-- WHAT TO PRODUCE --
Below are the entries; transcribe them exactly and drop every picture.

-- STORED DATA --
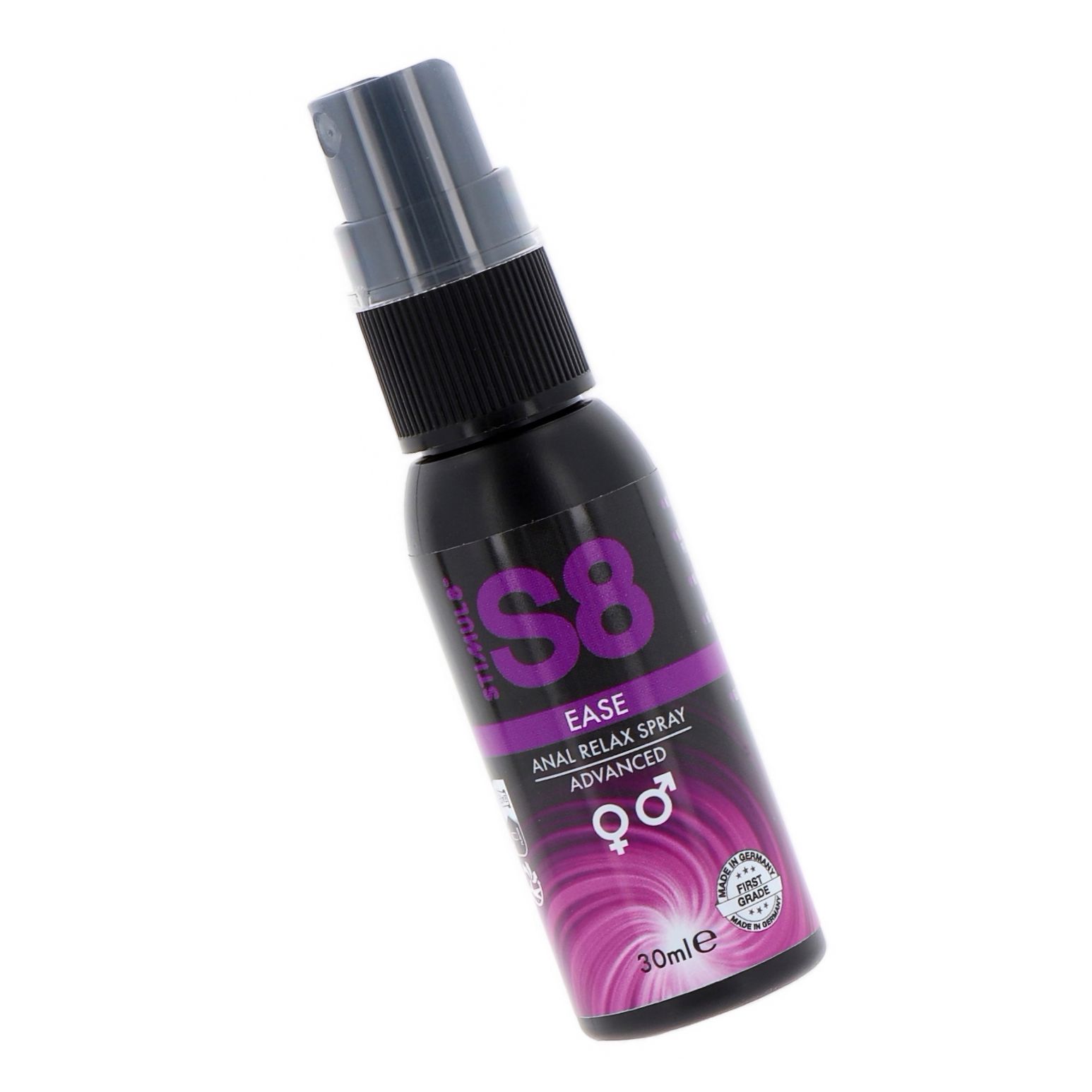 Spray relaxant anal Stimul8 S8 Ease 30 ml cu Laureth-9 pentru desensibilizare ușoară a zonei. 1–2 pulverizări, așteaptă câteva momente. Poate fi folosit cu lubrifiant. Sigur pentru corp.
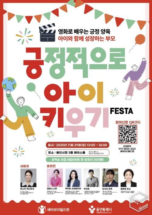 e데일리뉴스 | 용인특례시는 세이브더칠드런과 ‘긍정적으로 아이키우기 페스타’를 29일 시청 에이스홀에서 개최한다고 25일 밝혔다.
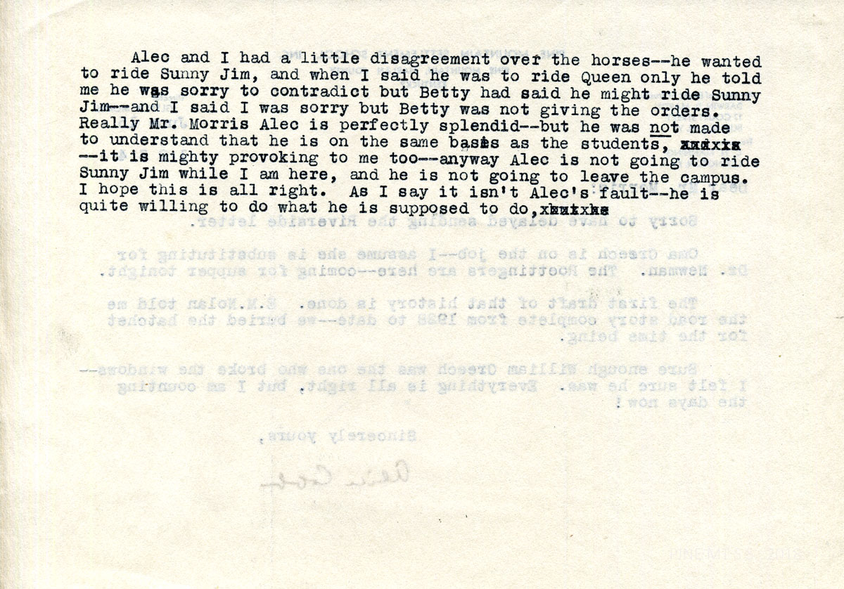 032 June 19, [no year]. To Cobb from “G.M.” [Morris], who encouraged Cobb in her dealings with Alec. “Alec is to be considered as a student, and you can tell him I said so again if you wish….I certainly made it clear to the Newmans…that I felt it best for him to be under the same rules as the students.”
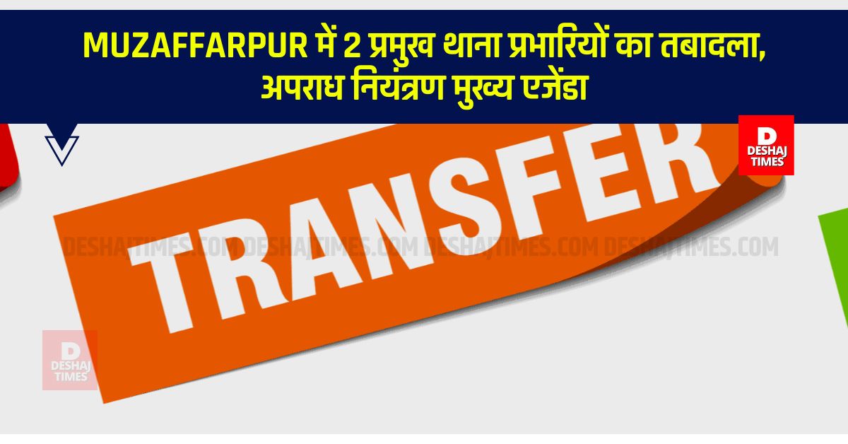 दीपक कुमार, मुजफ्फरपुर | जिले में दो प्रमुख थानों के प्रभारी बदले गए हैं। नए आदेश के तहत—
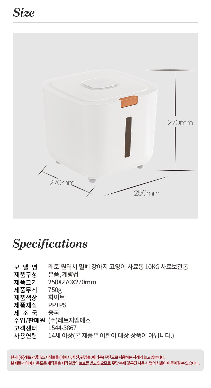 원터치 밀폐 강아지 고양이 사료통 10KG

-- FINAL ANSWER --
 Spray relaxant anal Stimul8 S8 Ease 30 ml cu Laureth-9 pentru desensibilizare ușoară a zonei. 1–2 pulverizări, așteaptă câteva momente. Poate fi folosit cu lubrifiant. Sigur pentru corp.
 e데일리뉴스 | 용인특례시는 세이브더칠드런과 ‘긍정적으로 아이키우기 페스타’를 29일 시청 에이스홀에서 개최한다고 25일 밝혔다.
 032 June 19, [no year]. To Cobb from “G.M.” [Morris], who encouraged Cobb in her dealings with Alec. “Alec is to be considered as a student, and you can tell him I said so again if you wish….I certainly made it clear to the Newmans…that I felt it best for him to be under the same rules as the students.”
 दीपक कुमार, मुजफ्फरपुर | जिले में दो प्रमुख थानों के प्रभारी बदले गए हैं। नए आदेश के तहत—
 원터치 밀폐 강아지 고양이 사료통 10KG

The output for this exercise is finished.